Bert Edwards
- Born: 8 February 1917 Liverpool, England
- Died: 13 June 2008 (aged 91)
- Nationality: British (English)

Career history
- 1950–1951: Walthamstow Wolves
- 1951–1952: Aldershot Shots
- 1952–1953: Cardiff Dragons
- 1953–1958: Ipswich Witches

= Bert Edwards (speedway rider) =

British motorcycle speedway rider

Richard Herbert Edwards (8 February 1917 – 13 June 2008) was an international motorcycle speedway rider from England. He earned seven international caps for the England national speedway team.

== Biography==
Edwards was born in Liverpool but attended Hyde School in Hendon and later Goldbeaters Modern School in Burnt Oak. He was a member of the Northern Cycling Club before he and his younger brother Harry Edwards joined the Kenton and Kingsbury Motor Cycle Club. The pair gained recognition as grass track riders before moving into conventional speedway. He began his British leagues career riding for Walthamstow Wolves during the 1950 Speedway National League Division Two, where he joined his brother who was already a Walthamstow rider.
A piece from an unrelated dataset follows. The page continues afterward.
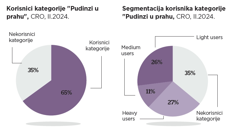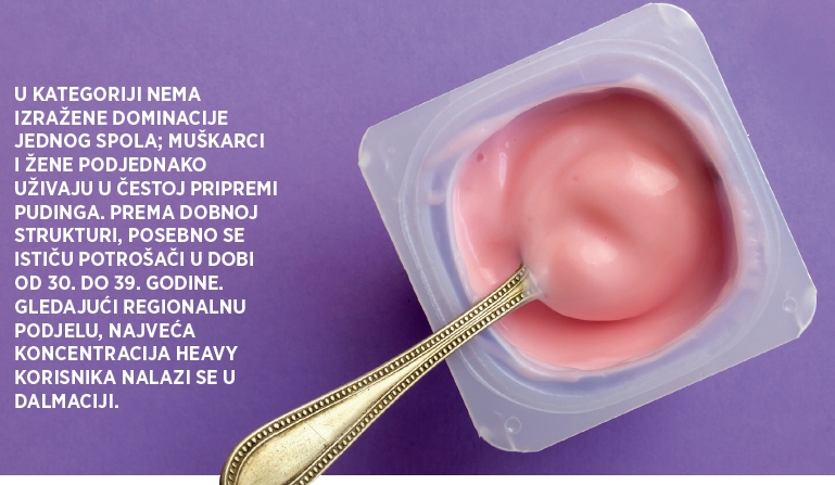 Bilo da se radi o slatkoj nagradi nakon ručka, brzom desertu za nenadane goste ili omiljenoj poslastici iz djetinjstva, pudinzi u prahu za samostalnu pripremu nezaobilazan su dio mnogih hrvatskih kućanstava. Svoju popularnost potvrđuju i podacima iz istraživanja, prema kojima gotovo dvije trećine hrvatske populacije, točnije njih 64,5%, konzumira pudinge, dok 35,5% građana nisu korisnici ove kategorije proizvoda.

In 1951, after starting the season with Walthamstow, Edwards was loaned out to Aldershot Shots and remained at the club for the first half of the 1952 before transferring from parent club Walthamstow to Cardiff Dragons for £400.

Edwards' riding average was solid but not particularly special and it was not until he joined Ipswich Witches that his career took off. He left Cardiff following their withdrawal from the league in 1953 and although he only rode eight matches for Ipswich during the remainder of the season, he averaged 9.12.

Edwards became very popular at Ipswich where attendances consistently approached 20,000 and was described as an idol by the press. In 1955, he averaged 9.45 and was club captain. In 1956, he was called up by England for test matches that included fixtures against Sweden and Australia. His final two seasons were with Ipswich in the highest division of British speedway in the National League.

==Family==
Edwards' father Richard was a councillor in Harrow and his uncle was Bob Edwards, a Member of Parliament (MP) from 1955 to 1987.